Diskless iSCSI boot with PXE HOWTO

Here we will boot a machine (diskless or not, but even if it has a disk it won't be used) entirely from the network using PXE and the iSCSI protocol.

There are a few options to boot a system whose root partition is on iSCSI:

  • The machine could have a local bootloader that loads a local kernel and initrd. With suitable options, the initrd scripts are directed to log into an iSCSI LUN and use it as /. In this case, the LUN that is used as root filesystem does not need to have a kernel or bootloader installed.
  • Same as above, but the kernel and initrd are downloaded using PXE (via TFTP or HTTP).
  • The most interesting option (and the one that will be described here) is booting directly the iSCSI LUN via PXE. In this case, the LUN looks exactly like a local disk, with partitions, MBR, bootloader (grub) etc. The MBR is read and executed, which loads the second-stage bootloader and so on, just as if the disk were local.
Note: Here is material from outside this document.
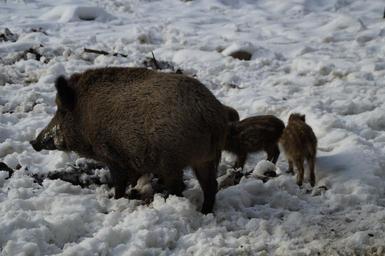 Keywords: boar wild boar pig forest deer park bache wildlife park animal mother bristles foraging habitat winter wintry snowy
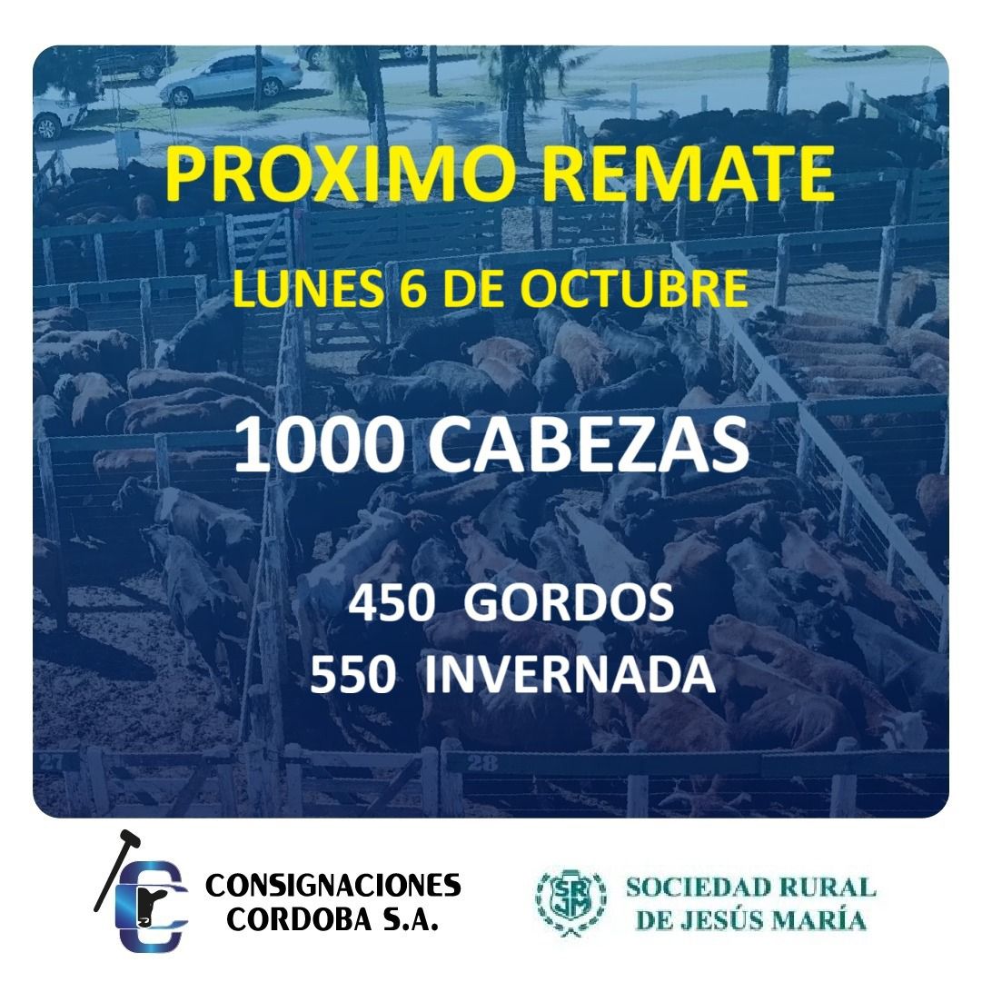 Con una oferta de 1.000 cabezas, Consignaciones Córdoba anuncia su nuevo remate de hacienda en la Sociedad Rural de Jesús María. Este lunes 6 de octubre, desde las 10 de la mañana, se venderán 450 animales gordos con destino a faena, para posteriromente subastar 550 terneros de invernada.

A peculiar thing about iSCSI is that it doesn't really like the network going away while a session is connected. For this reason it is very important that the network be stable and reliable, but there are also a few specific boot-time tweaks to do in the Linux distribution that is being run from iSCSI. One of them is, of course, supplying the needed iSCSI information to the kernel; another one is preventing the initscripts from trying to (re)configure the network on the interface that is being used for the iSCSI session, as this may cause it to go down temporarily. In this case, the network is configured early, by the initrd, and should not be touched afterwards.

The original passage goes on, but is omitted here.